Andrea Segre, Italien, 2024o
Enrico Berlinguer, der charismatische Generalsekretär der Kommunistischen Partei Italiens (PCI), grenzt sich in den frühen 1970er Jahren vom sowjetisch geprägten Sozialismus ab und versucht, ihn mit westlichen Demokratievorstellungen zu versöhnen. In einer gespaltenen Welt setzt er sich für die Überwindung der Dogmen des Kalten Krieges ein und beginnt gegen alle Widerstände einen Dialog mit Aldo Moro, dem Chef der Christdemokraten. Doch was wird aus seinem „historischen Kompromiss”, als Moro von den roten Brigaden entführt wird?
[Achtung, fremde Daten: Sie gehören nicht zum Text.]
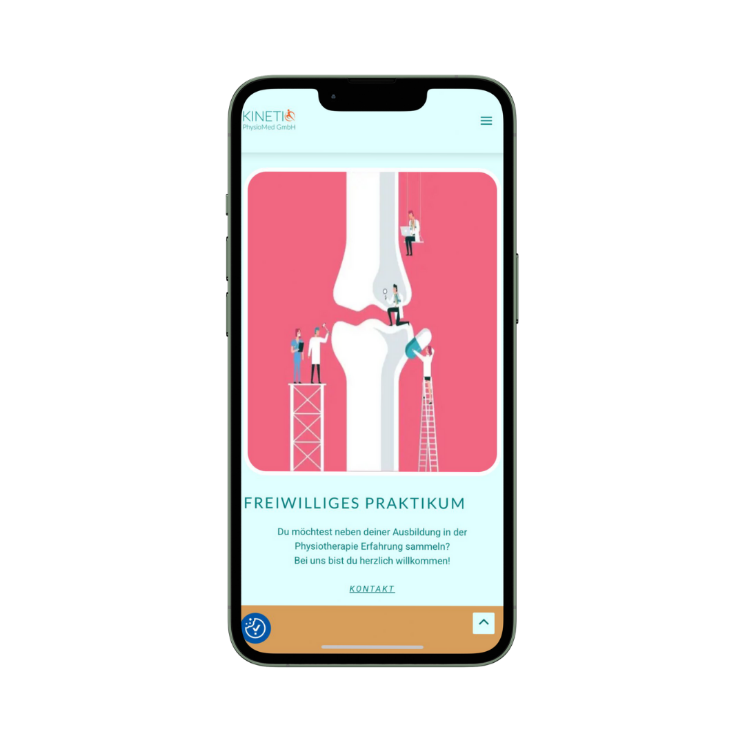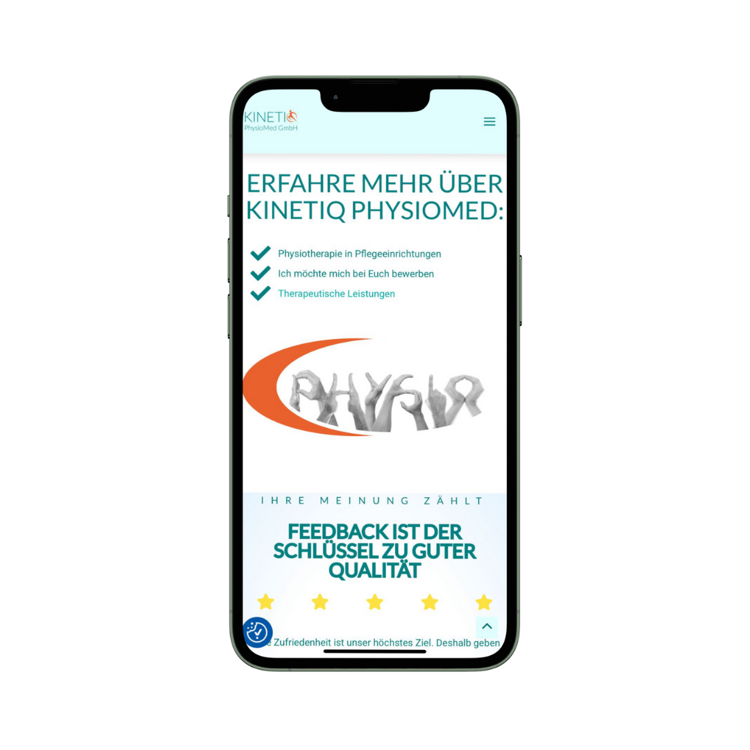 Die mobile Version der Kinetiq PhysioMed Website wurde speziell für Smartphones und Tablets optimiert. Mit einem responsiven Design sorgt sie für eine nahtlose Benutzererfahrung auf allen Geräten und maximiert die Conversion-Rate bei mobilen Nutzern.
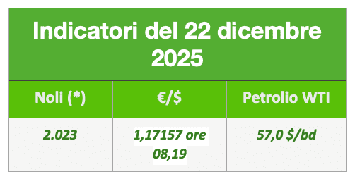 L’indice dei noli b.d.y. è sceso a 2.023 punti, il petrolio wti è salito a circa 57 al barile, il cambio €/$ gira a 1,17157 ore 08,19
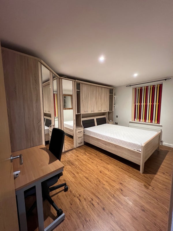 We have a fully furnished, double bedroom available for lodging, with access to a shared bathroom and communal living areas. The room is fully furnished with an integrated double bed and mattress, walk-in wardrobe with drawers and a desk.
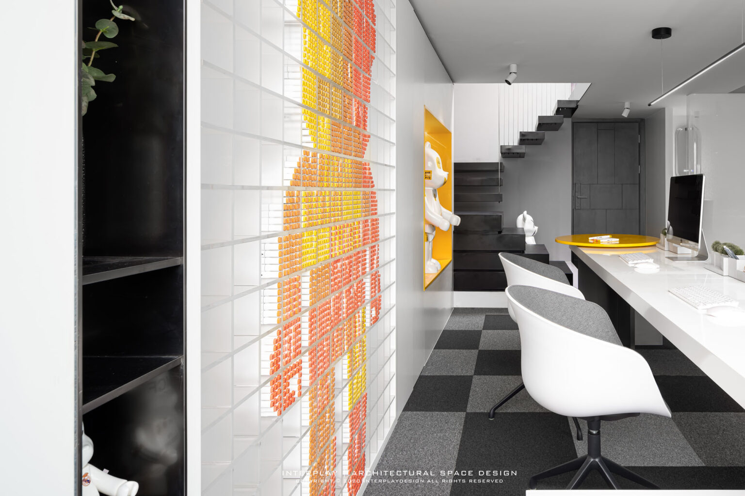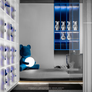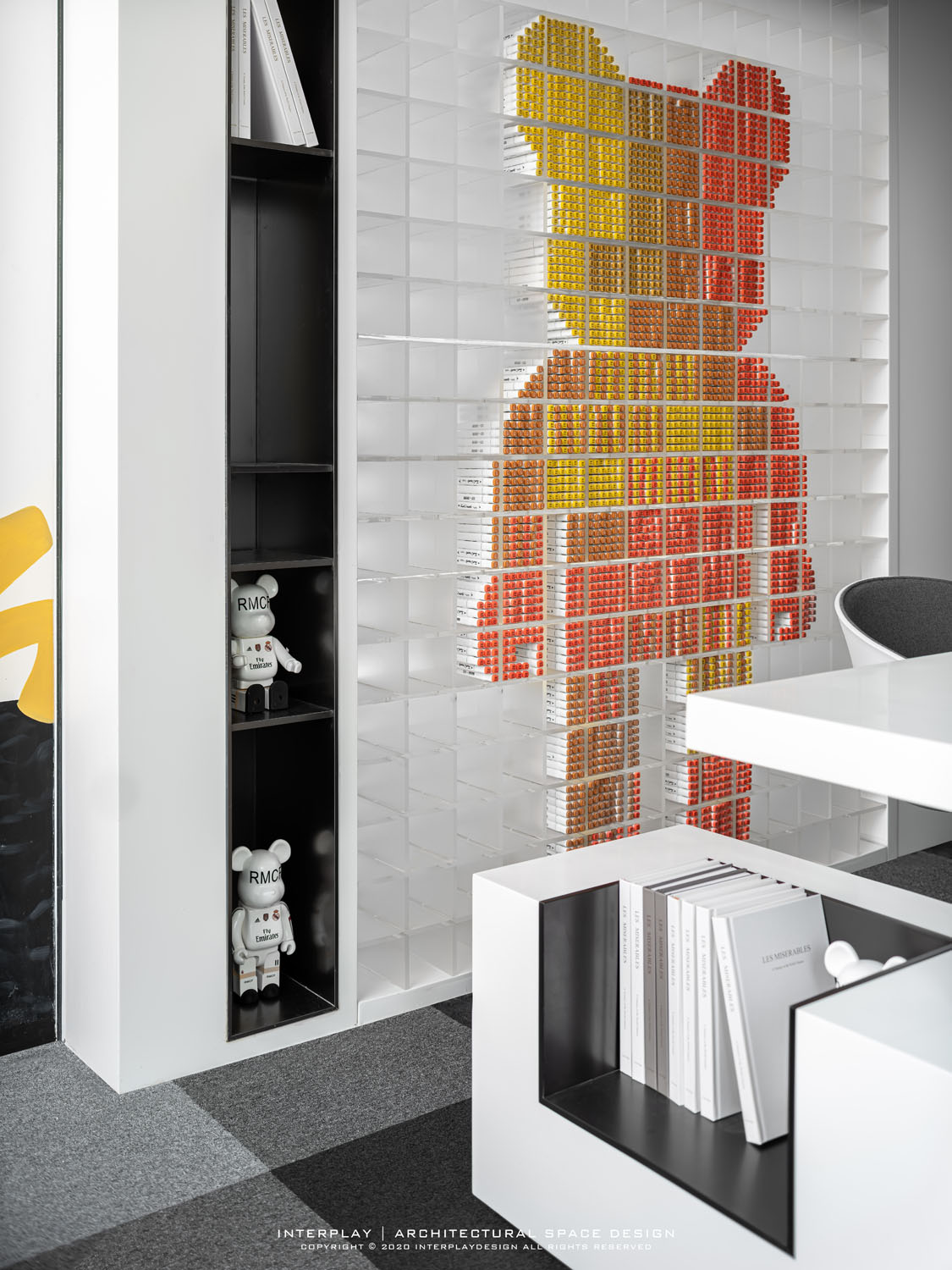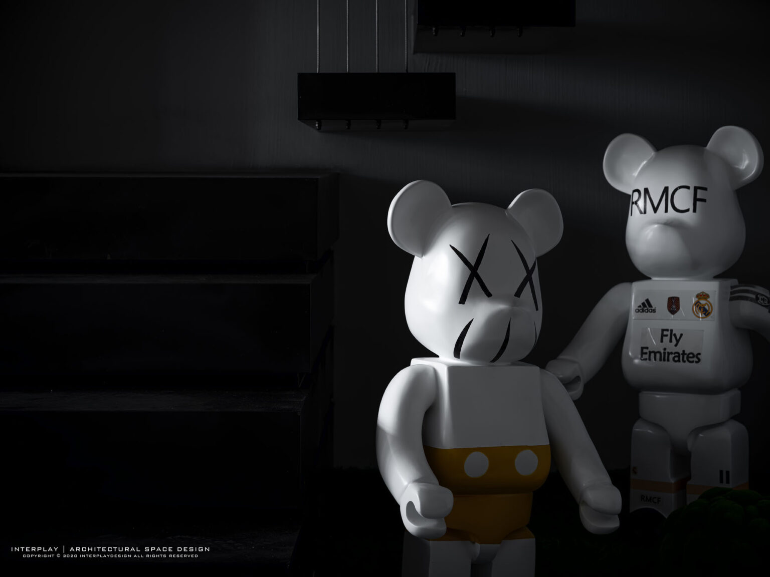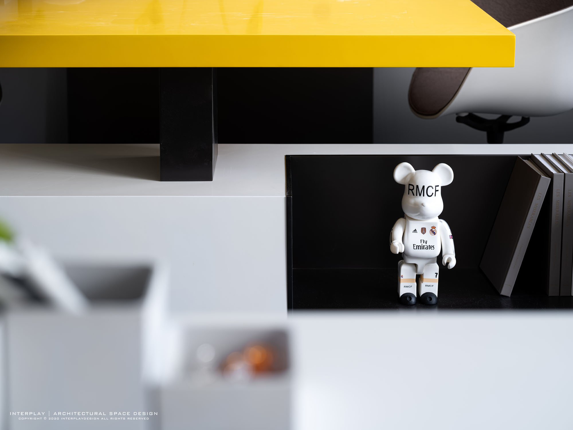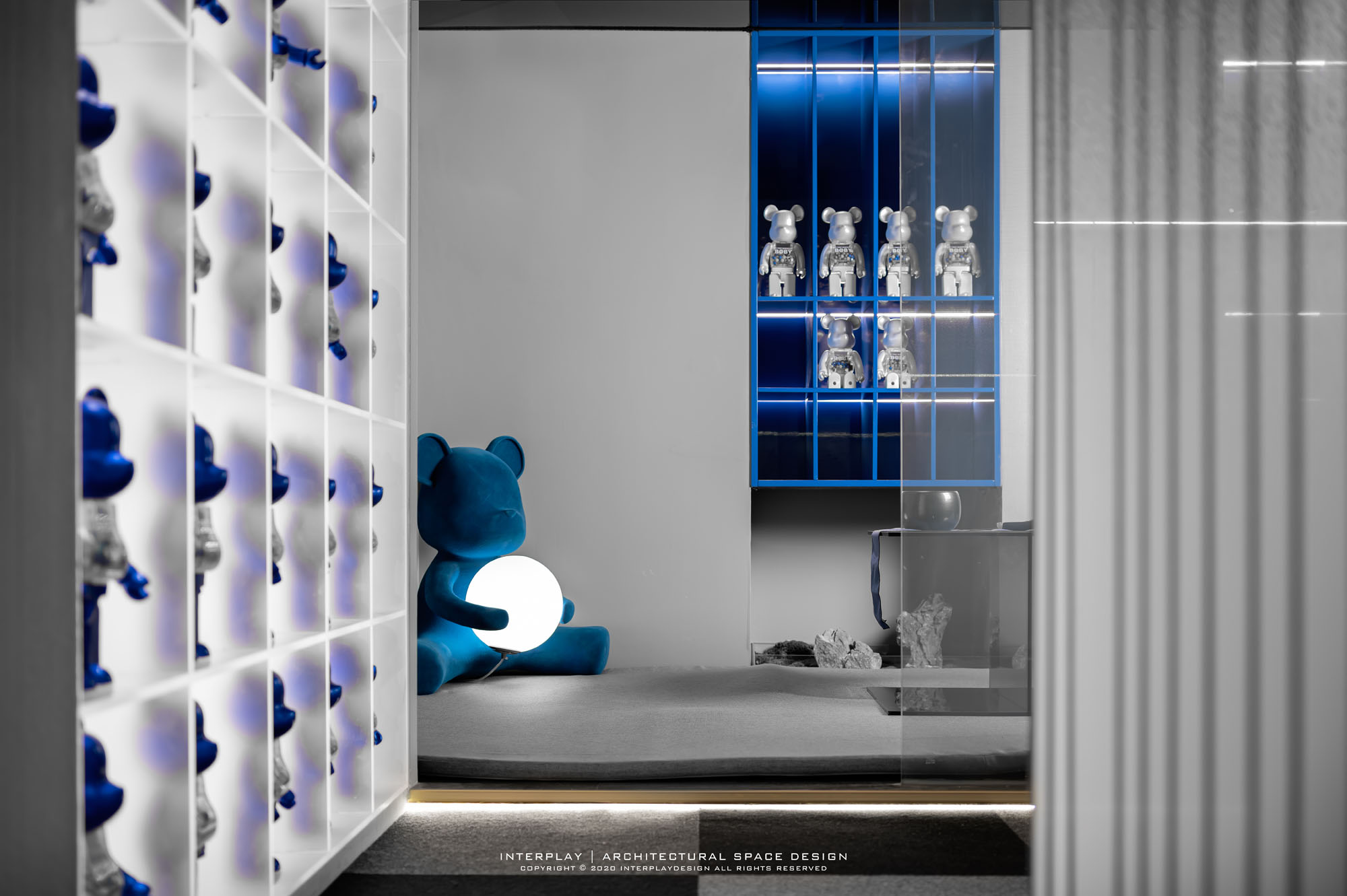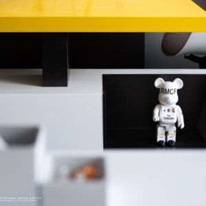 潮流元素貫穿整個設計,從牆面收納到大型公仔,收藏即是工作,也是個人品味的展現。

In einer Zeit, in der die Linke nicht mehr weiss, an welcher Front sie ansetzen soll kommt ein Biopic über Enrico Berlinguer, den charismatischen Generalsekretär der Kommunistischen Partei Italiens von 1972 bis zu seinem Tod 1984, wie gerufen. Wir wollen hier nicht darüber streiten, ob sein Reformansatz richtig war – der gewiefte politische Stratege setzte auf den Zugang seiner Partei zur Macht durch einen „historischen Kompromiss“ mit den christdemokratischen Konservativen. Das politische Gewicht der damaligen PCI gibt heute, da Giorgia Meloni und ihre Gefolgsleute die Macht unter sich aufteilen, auf alle Fälle zu denken. Selbst wenn man den Ideen der Linken wenig abgewinnen kann, lohnt sich La grande ambizione zudem aus filmischen Gründen. Andrea Segres Porträt eines Mannes und seiner Ideen konzentriert sich auf die Jahre zwischen Berlinguers Besuch in Bulgarien 1973, wo er bei einem seltsamen Autounfall, der wie ein Attentat aussah, fast ums Leben kam, und 1978, dem Jahr der Entführung und Ermordung des christdemokratischen Politikers Aldo Moro durch die Roten Brigaden. Dank einer geschickten Dramaturgie gelingt es dem italienischen Regisseur, die politische Entwicklung nachzuzeichnen, ohne in Didaktik und Sensationslust zu verfallen, die Skylla und Charybdis des Biopics. Leichtfüssig wechselt der Film zudem zwischen Berlinguers öffentlichem und privatem Leben. Die Szenen über die zärtliche Beziehung zu seiner Frau und zu seinen Kindern machen die Politik nicht zur «People-Story», sondern zeigen den Menschen hinter dem Politiker, den Elio Germano zudem meisterhaft verkörpert. Kurz: Auch als Film wird Berlinguer der grossen Ambition in seinem Titel vollauf gerecht.